Contest: Craziest Compiler Output due to Undefined Behavior


[UPDATE: Winners are here.]

The C and C++ standards fail to assign a meaning to a program that overflows a signed integer or performs any of the 190+ other kinds of undefined behavior. In principle, a conforming compiler can turn such a program into a binary that posts lewd messages to Twitter and then formats your disk. In practice, of course, we don’t expect such baroque consequences. Rather, the compiler is just going to do its job, which is to generate efficient code for all executions that don’t have undefined behavior. Disregarding Easter eggs such as the old version of GCC that would exec nethack, the compiler isn’t going to go out of its way to make undefined executions behave badly. It just doesn’t care about them. The problem is that as optimizers have gotten more clever, the consequences of undefined behavior have become a bit more strange. For example:

  • Using uninitialized data as an extra source of randomness caused a compiler to delete an entire seed computation. link
  • A compiler can evaluate (x+1)>x to both 0 and 1 in the same program, compiled at the same optimization level, for the same value of xlink
  • An infinite loop such as a counterexample search (where no counterexample exists) can be terminated by the compiler, permitting, for example, Fermat’s Last Theorem to be “disproved.” link
  • An undefined shift operation caused a compiler to delete an important safety check in Google’s Native Client. link
  • A reference to a possibly-null pointer in the Linux kernel caused the compiler to remove a subsequent null check, creating an exploitable vulnerability. link
  • A division instruction (that potentially crashes the process) can be moved in front of code that has externally visible side effects. link
  • A compiler can run the code inside if (p) { ... } and also inside if (!p) { ... } when p is not initialized. link

I will send a small but nice prize to the person who posts a comment describing the most interesting, surprising, or just plain crazy object code emitted by a compiler as a consequence of undefined behavior.
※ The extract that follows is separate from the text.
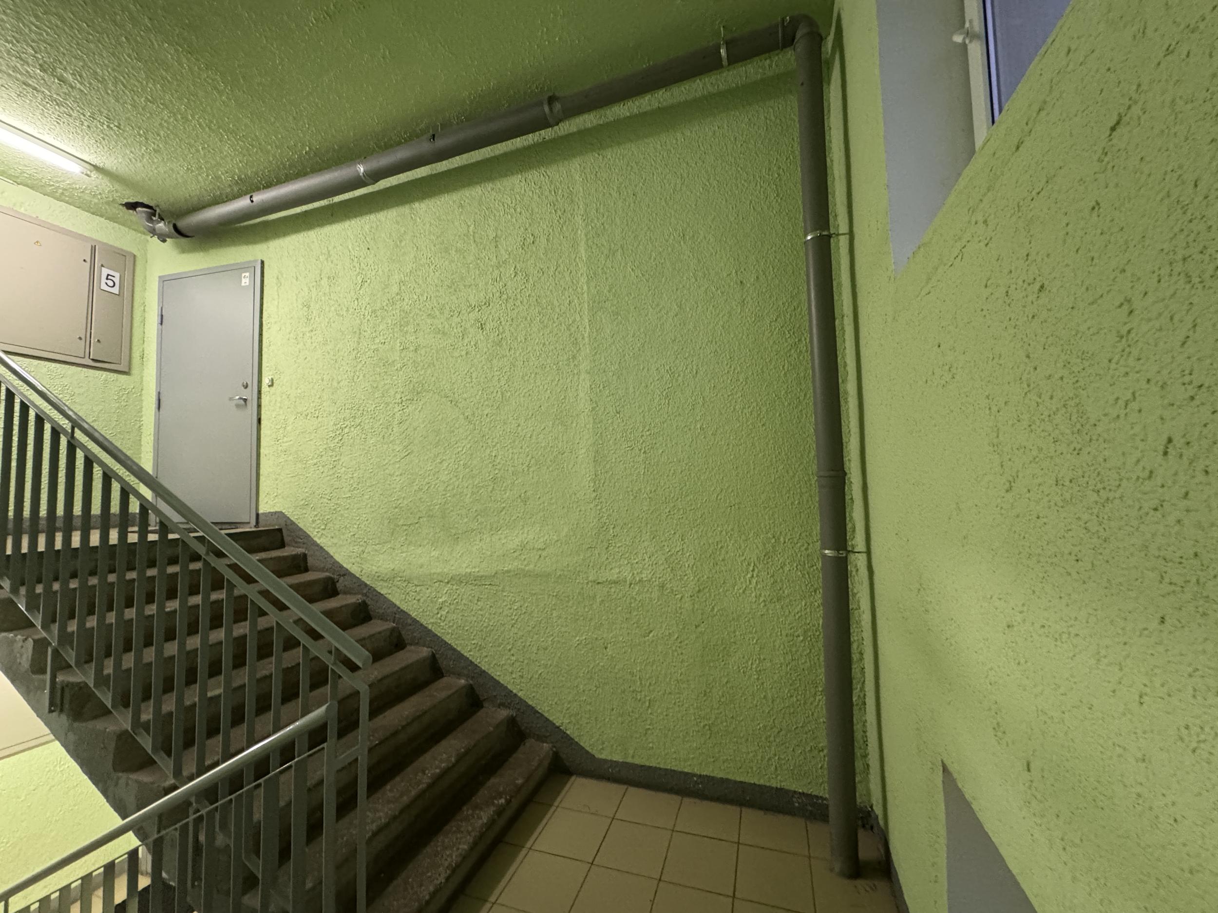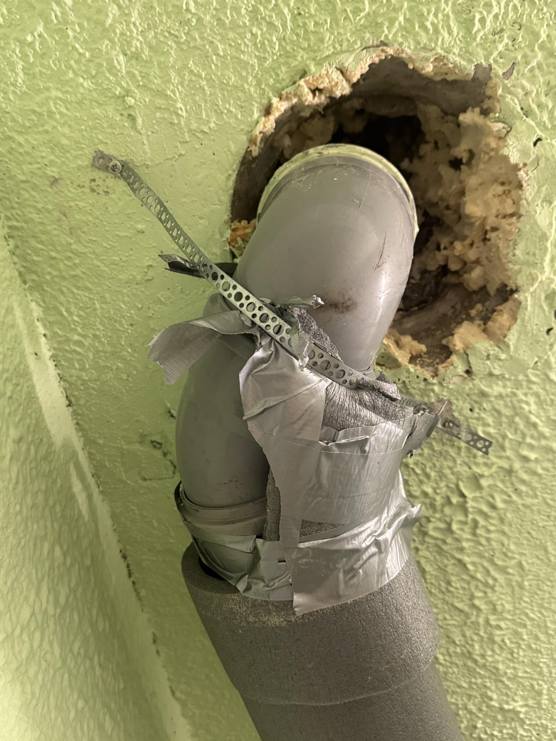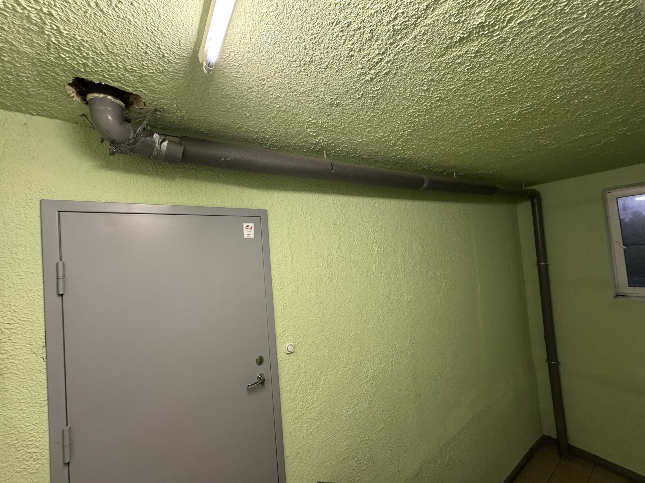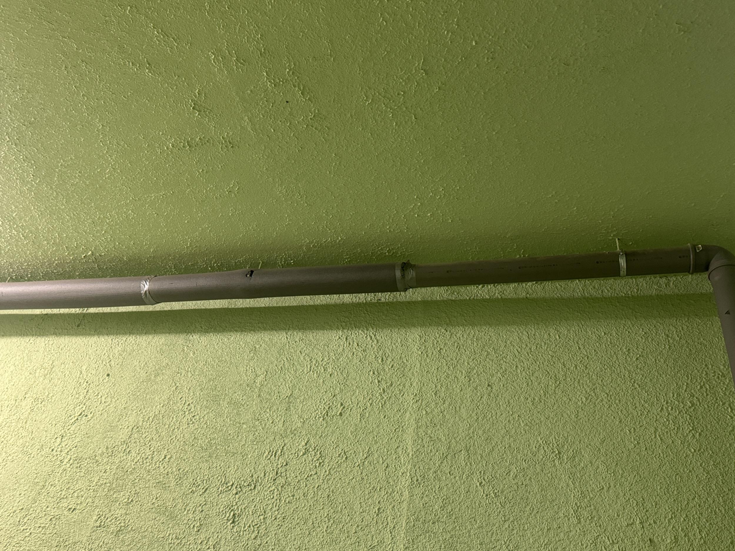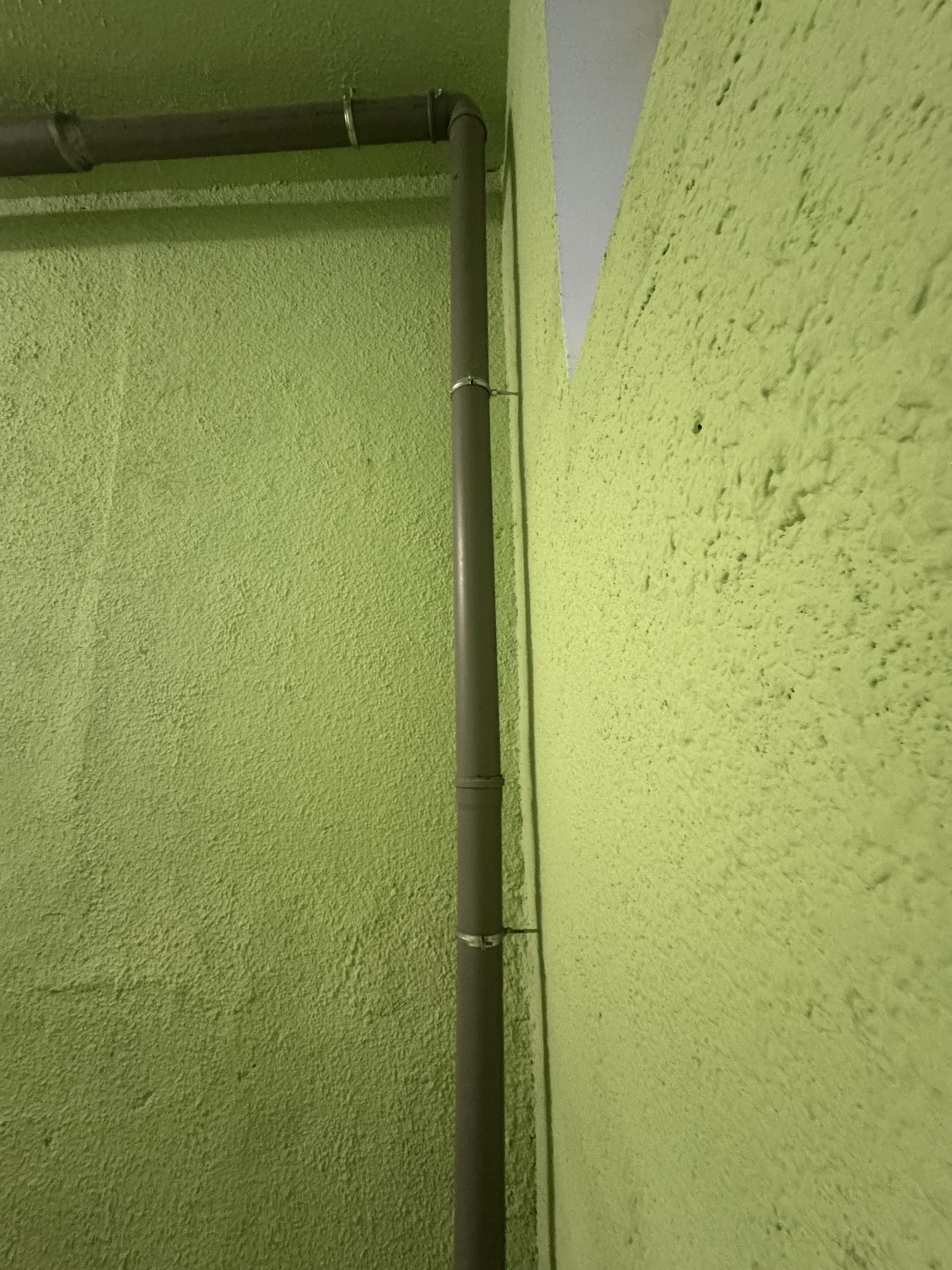Vaja oleks katuselt alla tuleval torul topeltpõlv ära kaotada ja alles jätta ainult L põlv, ilm selgelt trepikoja laes oleva torustiku kinnituse ankrud peaks puurima lakke uued, laest tuleval torul võiks olla suurem kaldenurk.

Preference will be given to entries that:

  • Are posted before or on July 18 2012.
  • Describe interesting object code as opposed to describing a secondary consequence of that object code. A secondary consequence would be something like an ROP attack, launching a missile, or whatever.
  • Describe object code legitimately generated by a production-quality C or C++ compiler. In other words, I’m not interested in compiler bugs or in your own hand-crafted C compiler that emails Santa Claus when someone divides by zero.
  • Can be reproduced—so please, if possible, include compiler version, compiler options, a pointer to the code, etc.

If you readers can come to a consensus about the winner, I will go along with it. Otherwise, I’ll choose the winner. An example of an entry that would probably win (assuming that it could be reproduced) is “At -O2, LLVM 2.6 turns the attached C++ code into object code THAT ACTUALLY MAKES DEMONS FLY OUT OF MY NOSE.”

Here’s a similar discussion on Stack Overflow. However, people there are mostly talking about secondary consequences rather than interesting object code.

UPDATE: WordPress’s comment system likes to mangle C code, beware. I don’t know of an easy fix.

,

35 responses to “Contest: Craziest Compiler Output due to Undefined Behavior”

  1. Trivial but illustrative, this program:

    int main() { short i; for(i=0; i >= 0; i++); return 0; }

    “runs faster” (i.e. terminates at all) without optimizations then with.

  2. bcs, your function is actually an extremely tricky one.

    First there is this issue:

    http://blog.regehr.org/archives/482

    The short version of the story is that there is not exactly total agreement among compiler implementors about whether i++ is undefined when i is SHRT_MAX. My reading of the standard is that it is not undefined behavior.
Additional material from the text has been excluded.